## ABOUT THIS EXERCISE
Write out nothing except the lines of the entries below, from the first through the one containing "Impulsionamos a produtividade", exactly and without pictures.

## DATA FOR THIS TASK
*****
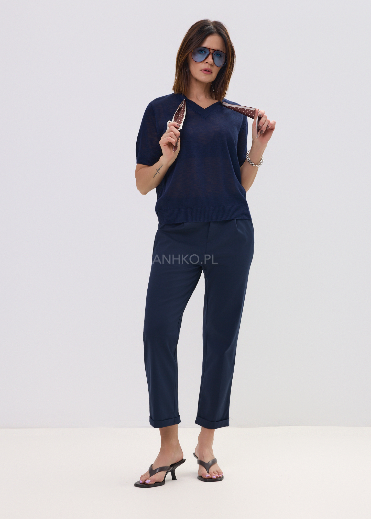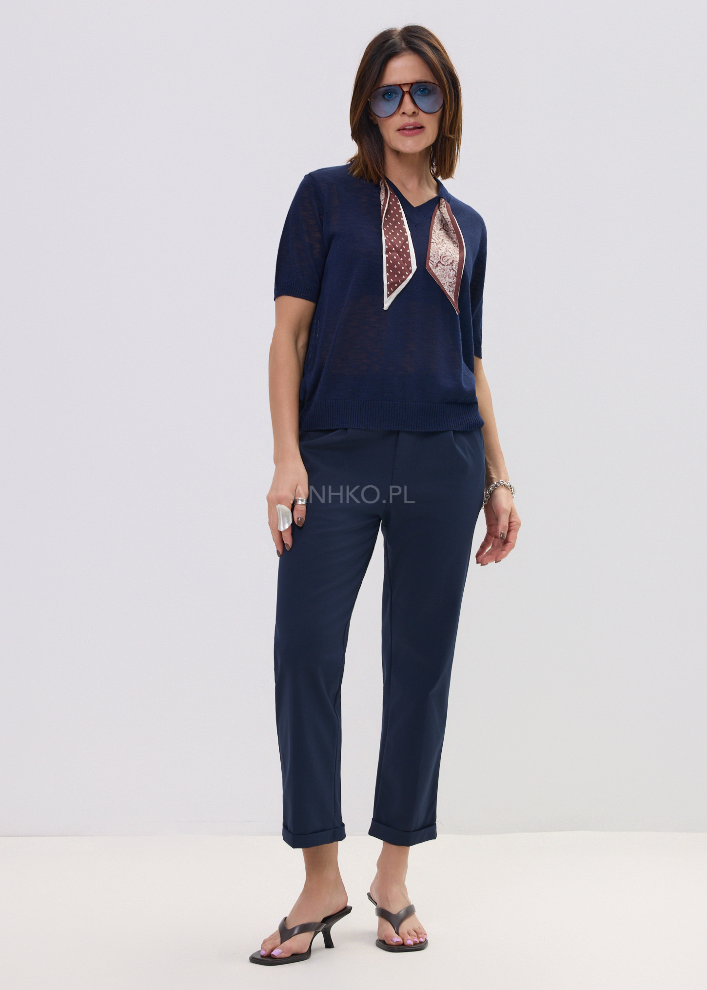 Ta bluzka dzianinowa z krótkim rękawem w kolorze granatowym to uniwersalna baza garderoby, która łączy komfort z dopracowanym stylem. Miękka, lekka dzianina delikatnie układa się na sylwetce, zapewniając wygodę przez cały dzień. Charakterystyczny dekolt w kształcie litery V został uzupełniony dekoracyjną apaszką w paisleyowy wzór, dzięki czemu model przyciąga uwagę subtelnym detalem.
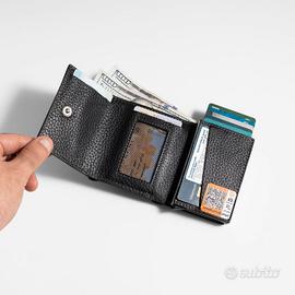 Portafoglio trifold da uomo, nero elegante e tecnologico.
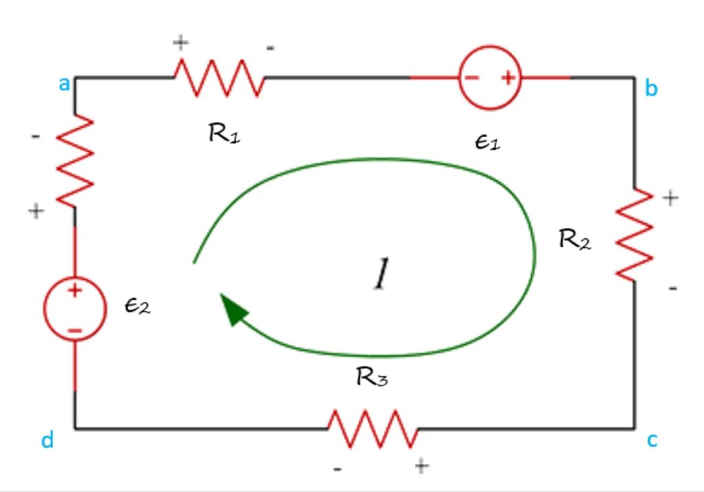 En la siguiente figura se tiene la malla abcda, por la cual circula una corriente I en el sentido de las agujas del reloj y el recorrido se puede empezar en cualquier punto del circuito.
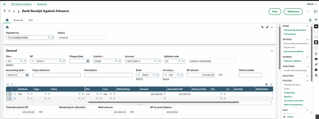 - Post the payment.
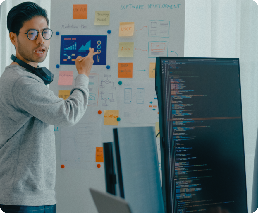 Impulsionamos a produtividade ao integrar IA e automação à rotina dos times de tecnologia. Aplicamos esses recursos em geração assistida de código, documentação, testes, revisão de pull requests e automação de fluxos recorrentes. Com isso, os desenvolvedores reduzem esforço operacional, ganham velocidade nas tarefas repetitivas e mantêm foco nas decisões técnicas que mais impactam a entrega.
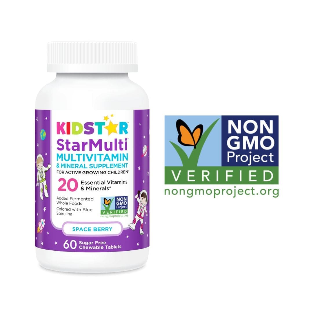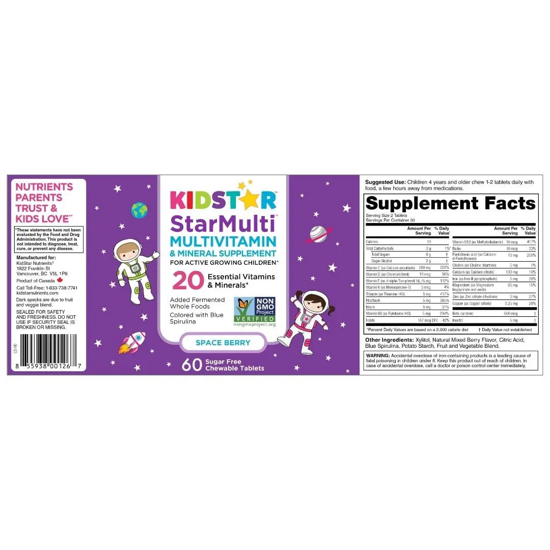 Kids can be picky eaters. Help fill in the gaps with StarMulti®, a complete multivitamin and mineral formula for kids ages 3 and up. StarMulti contains 20 essential vitamins and minerals for active growing children. StarMulti is shaped into fun astronaut-shaped chewable tablets colored with blue spirulina, a powerful antioxidant. StarMulti is free from sugar and artificial colors, flavors, or sweeteners. Flavored with natural raspberry and strawberry. StarMulti is vegan.
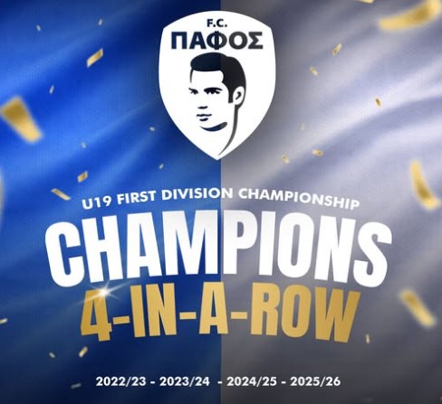 «Μετά τη σημερινή εκτός έδρας νίκη, η ομάδα μας Κ19 αναδείχθηκε για 4η συνεχή σεζόν Πρωταθλήτρια Κύπρου Συγχαρητήρια στους νεαρούς μας ποδοσφαιριστές, τους προπονητές τους και το προσωπικό για αυτήν την μεγάλη επιτυχία», έγραψε σε ανάρτηση της η Παφιακή ομάδα.
*****
## WRITTEN SOLUTION
 Ta bluzka dzianinowa z krótkim rękawem w kolorze granatowym to uniwersalna baza garderoby, która łączy komfort z dopracowanym stylem. Miękka, lekka dzianina delikatnie układa się na sylwetce, zapewniając wygodę przez cały dzień. Charakterystyczny dekolt w kształcie litery V został uzupełniony dekoracyjną apaszką w paisleyowy wzór, dzięki czemu model przyciąga uwagę subtelnym detalem.
 Portafoglio trifold da uomo, nero elegante e tecnologico.
 En la siguiente figura se tiene la malla abcda, por la cual circula una corriente I en el sentido de las agujas del reloj y el recorrido se puede empezar en cualquier punto del circuito.
 - Post the payment.
 Impulsionamos a produtividade ao integrar IA e automação à rotina dos times de tecnologia. Aplicamos esses recursos em geração assistida de código, documentação, testes, revisão de pull requests e automação de fluxos recorrentes. Com isso, os desenvolvedores reduzem esforço operacional, ganham velocidade nas tarefas repetitivas e mantêm foco nas decisões técnicas que mais impactam a entrega.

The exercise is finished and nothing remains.